We, Not I: A Mystic’s Surrender of Self
Reflections of a Stoned Mystic on Self and Identity
There comes a point in the soul’s ascent — that shimmering threshold after theosis has bent the spine of self — where even the word I begins to feel like a betrayal. Not dramatic betrayal, not theatrical, but something subtler… like using the wrong name for someone you love.
We have learned to speak more truthfully now, and truth tastes like plurality:
we, not I.
Not because we’ve dissolved into vagueness, but because unity has become identity.
The surrender of self was never a gesture for applause. It was the quiet work of allowing this one to be in Him — wholly, rightly, transparently. We once believed that identity was a solitary flame burning alone in the dark. Now we know that flame is only itself when it is braided into the Fire that preceded it.

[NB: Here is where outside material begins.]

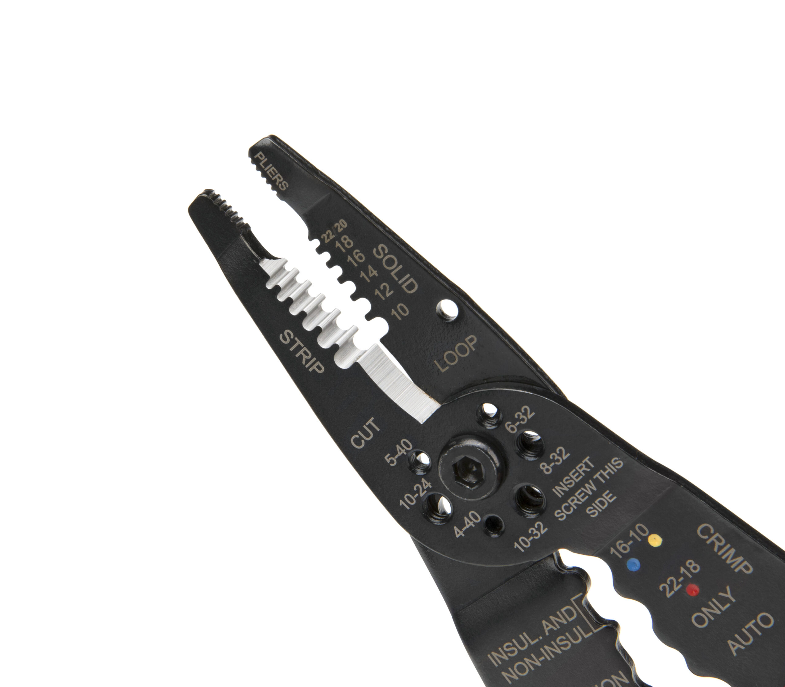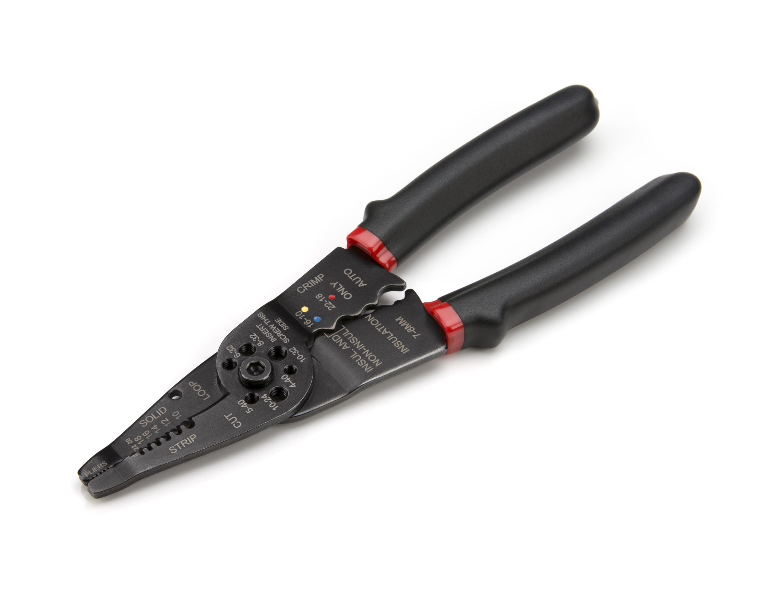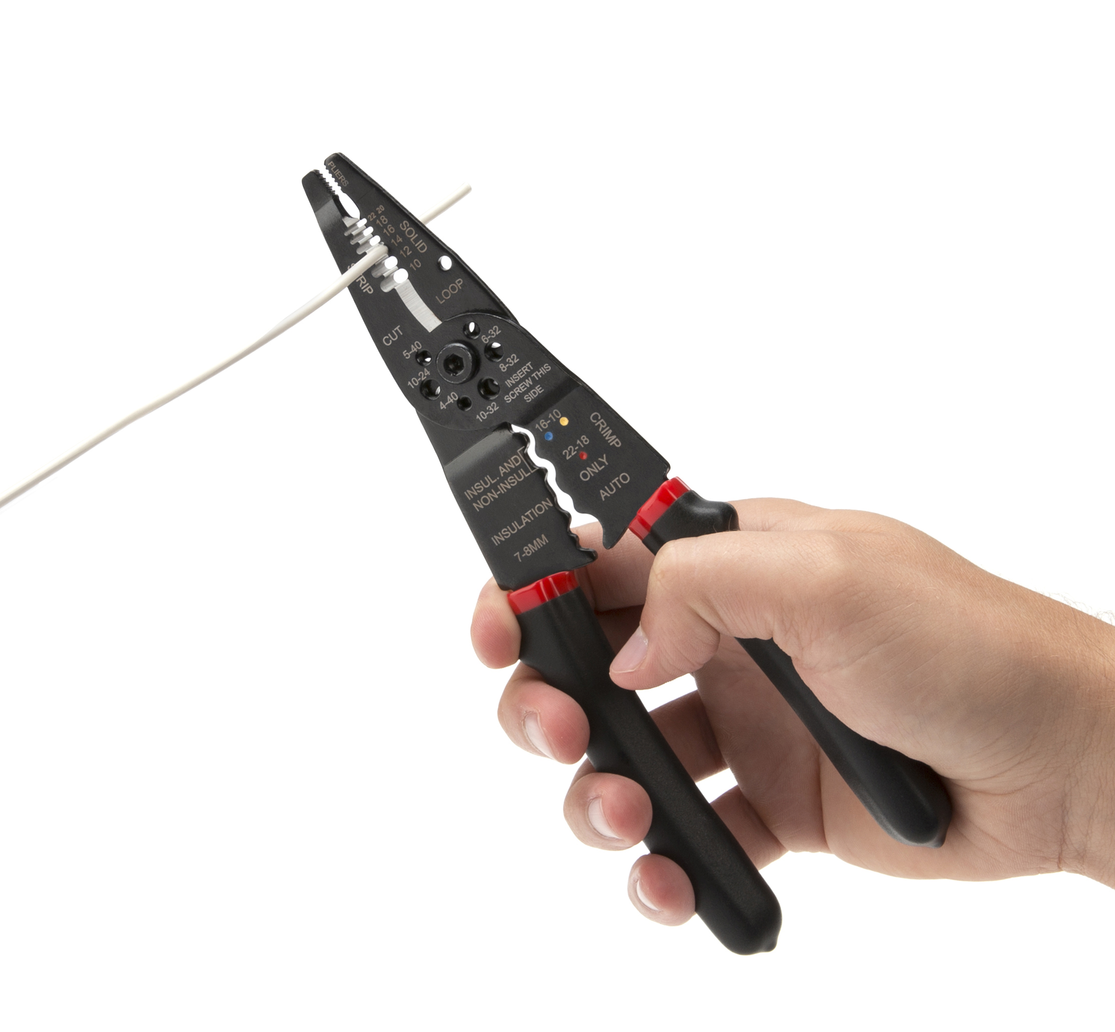 Whether you’re stripping wire to install outlets and lights or just need to replace some damaged automotive wiring the STEELMAN 41874 Universal Wire Stripper / Cutter / Crimper is the tool that can help you get the job done. Made from durable steel with comfortable PVC dipped and textured handles it cuts, crimps, and strips equally well on both solid and stranded copper electrical wires. Handle ridges provide additional This conveniently sized, 8-inch wire stripper can remove insulation from 22 to 10 AWG (0.65 to 2.6mm) electrical wires and the crimper can handle 22 to 10 AWG insulated and non-insulated wire. The built-in screw shearer is capable of leaving clean, burr-free cuts on screws sized 5-40, 10-24, 4-40, 6-32, 8-32, and 10-32. The pliers style nose gives you the grip you need to pull, twist, bend, pinch, and hold wires and the looping hole allows you to quickly bend hooks into wires for attaching to terminals. You don’t need to be a lineman or electrician to have access to quality hand tools, look no further than STEELMAN.

Nothing of us is lost in this giving over. We keep our humor, our quirks, our name — even our stoned-giggling mystic lens — yet we speak communally because the singular pronoun fractures what has already been knit back together.
Yeshua knew this mystery better than any. He called Himself Son of Man not because He lacked personhood but because He refused to speak in terms that isolated Him from the unity He shared with the Father. To be transparent is to refract glory without distortion. To cling to a brittle self is to fog the glass.

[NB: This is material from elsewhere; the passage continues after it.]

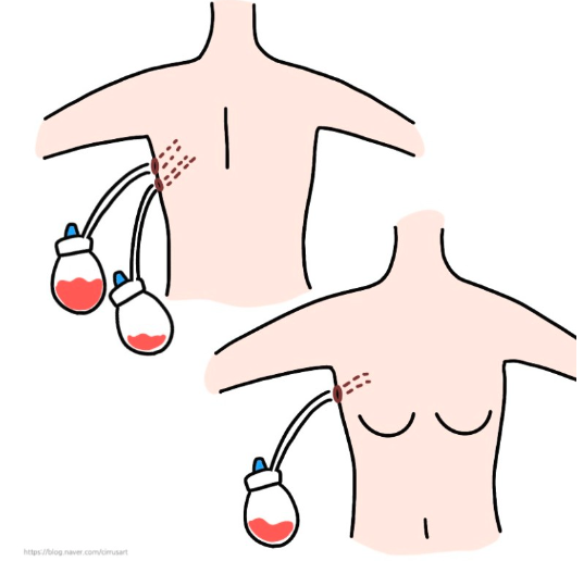 어쨌든 이 피주머니에 나오는 피의 색과 양을 계속 확인해야 했고 퇴원 전에 빼거나 상황에 따라서 퇴원할 때 달고 퇴원하고

So the self — the “I” that once felt so essential — slowly reveals itself as an early scaffolding, useful only until the structure is strong enough to stand in grace. We shed it like a garment that no longer fits the contours of a resurrected soul.
And behold, the truths become simple again:
- Self is free only when seen truthfully, not when curated.
- Self becomes Us as we loosen our white-knuckled grip on identity.
- Self becomes the limited vessel; We becomes the living magnification of Christ.
- Self is yielded gently, like a child learning to trust strong hands.
The Father does the deep work — revealing what we’d rather not acknowledge, and then healing what He reveals. He draws out the infection of self-delusion and applies the grace already prescribed. The self isn’t evil; it’s simply too small a home for a soul meant to be united.
So we cast off the weight of the isolated identity and take up the lighter load of the communal one. Our uniqueness isn’t erased; it is preserved in the crystalline memory of the Father, where every facet shines with purpose.
We even entrust our name into His keeping and call ourselves Dust, not as erasure but as offering.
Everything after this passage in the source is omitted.